The 39 Steps
Festival Theatre, Malvern, Monday 17th June 2013
Now look here, you chaps: there’s a bally good show doing the rounds at the moment and you could do worse than go and see it. You might be familiar with the original book written by a cove by the name of John Buchan, and you’ll certainly be aware of at least one of the cinematic adaptations, each of which has very little in common with any other. That’s all by the by.
The story begins with all-round good egg Richard Hannay, feeling a bit out of sorts, don’t you know. It is not long however before he finds himself immersed in a world of espionage and intrigue and, not forgetting, murder, when he encounters a German femme fatale. Wanted for her murder, Hannay flees north of the border. The only way he can clear his name, dash it all, is to expose a spy ring and solve the mystery of the thirty-nine steps.
What sets Patrick Barlow’s adaptation apart from (and above) the rest is the manner of its telling. A hard-working cast of four expend a level of energy that approaches Olympiad proportions to populate the story with dozens after dozens of characters. This can involve a lot of on-stage quick changes – Tony Bell and Gary Mackay are adept at this, swapping hats and accents without missing a beat. Mackay also has a nice line in Scottish characters: his landlady is hilarious, and his speaker at a political meeting is astonishing – unheard of, quite literally. Tony Bell gives us his bad guy (among many others) as the evil Professor. This pair also give us policemen, newspaper sellers, henchmen, travelling salesmen, and various features of the Highlands landscape. Charlotte Peters plays the more attractive female roles, including the German fraulein fatale and the romantic interest. Like Mackay and Bell, Peters demonstrates a range of accents and, above all, a talent for physical comedy.

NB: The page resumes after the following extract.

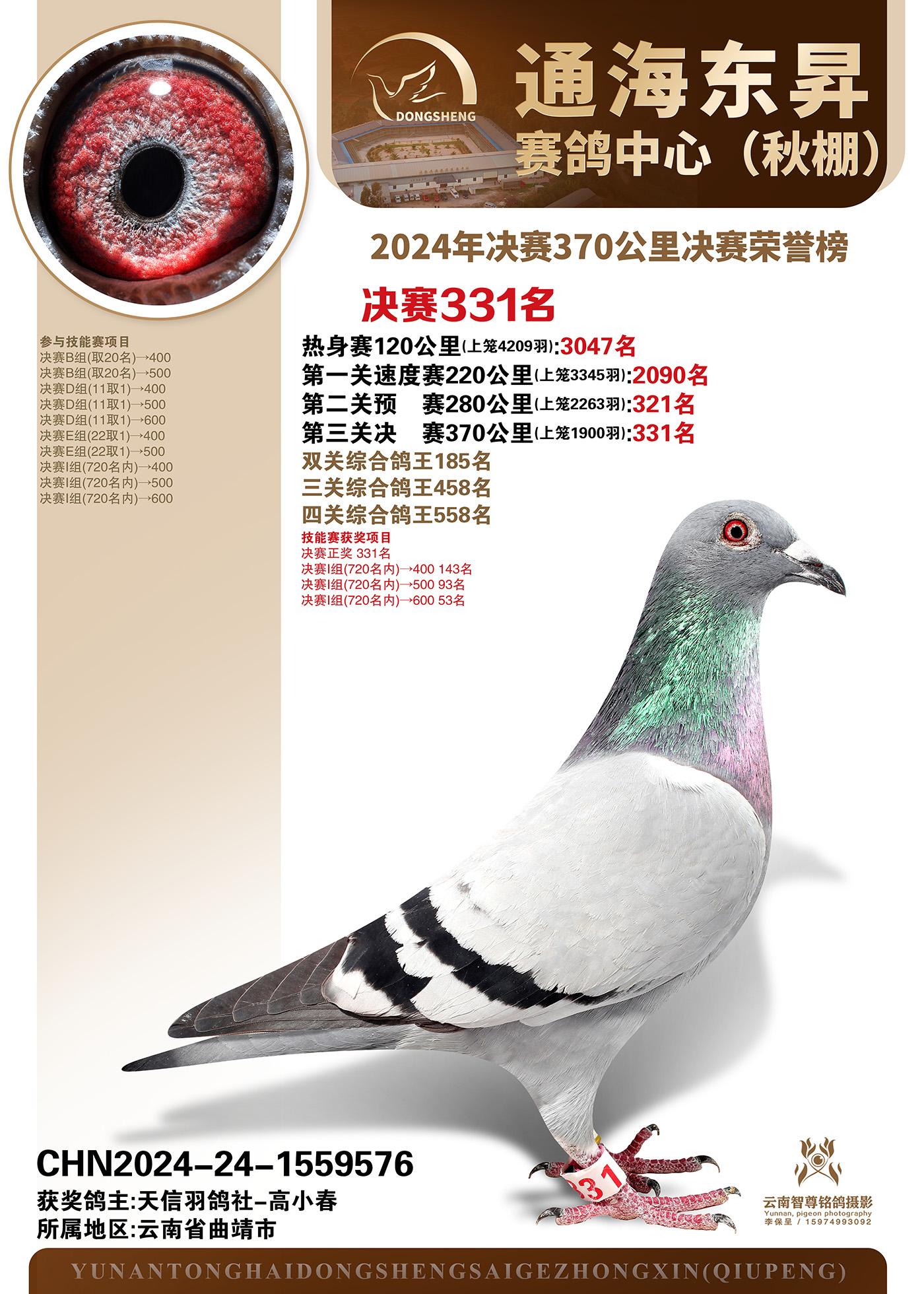 | 鸽主姓名 | 天信羽鸽社-高小春 |

But the show belongs to Richard Ede as our dashing hero. In a three-piece tweed suit, sometimes with an overcoat on top of that, he is a dynamo of energy, chucking himself around the stage to create some of the funniest physical comedy you will ever see. His characterisation is pure charm; he is the affable matinee idol from British films, handsome with his pencil moustache, but above all he is very, very funny. Of course a lot of the humour comes from Barlow’s clever script, which piles on the silliness in an absence of smut or cheap laughs, but it is Ede who is the driving force in bringing the show to life.
The show lays bare its theatricality. Doors and windows are wheeled on and off as required. A chase on the roof of a train is created simply with a couple of packing trunks and some ingenious phyicality. It’s all done for laughs. Form has precedence over content. The pursuit of Hannay is the pursuit of silliness.
But the content also bears looking at. This oft-adapted tale of adventure is obviously an influence on James Bond, but on a more general level, it has the appeal of the great myths. A hero goes on a quest, defeats evil, and is rewarded with what is important in life. By rescuing the damsel, Hannay finds love, a wife and children. We respond to his story subconsciously, perhaps.
Be that as it may, The 39 Steps is a consistently funny, knockabout show, where the thrills come from the theatrical inventiveness. Even though I’ve seen it a couple of times before, it remains fresh and refreshing, reinforcing my view that it is actors who should be at the heart of any performance, rather than technology.